▸ **PROVIDED MATERIAL**

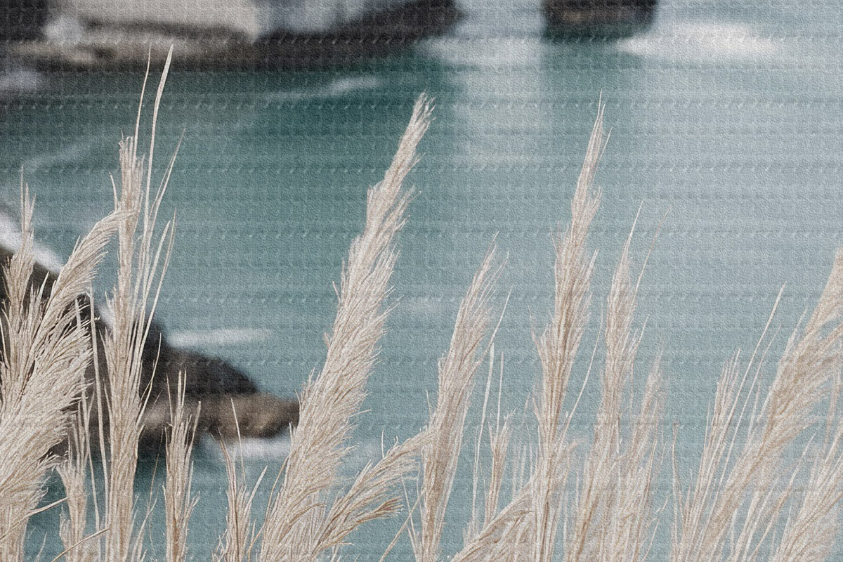 Okrągłe obrazy Morze i skalny łuk, widok przez wyschnięte trawy r46142
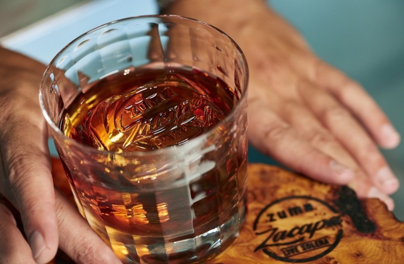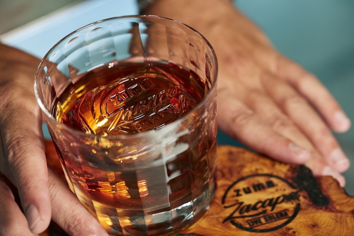 After the Zacapa rum as passed through the Solera system, the finished cocktail is served in a chilled glass with hand-cut ice engraved with a bespoke ice stamper.
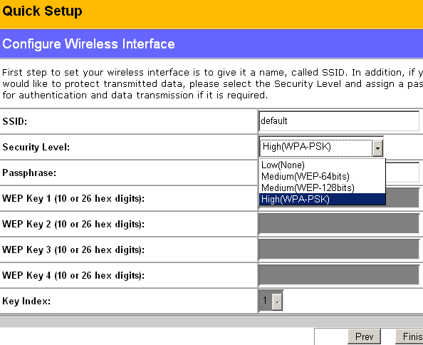 Тут нам предлагается задать SSID (название) беспроводной сети, а так же выбрать тип и ключи шифрования беспроводного трафика.

▸ **ASSIGNMENT**
Output the complete listing exactly. Pictures stay out.

▸ **WRITTEN RESPONSE**
 Okrągłe obrazy Morze i skalny łuk, widok przez wyschnięte trawy r46142
 After the Zacapa rum as passed through the Solera system, the finished cocktail is served in a chilled glass with hand-cut ice engraved with a bespoke ice stamper.
 Тут нам предлагается задать SSID (название) беспроводной сети, а так же выбрать тип и ключи шифрования беспроводного трафика.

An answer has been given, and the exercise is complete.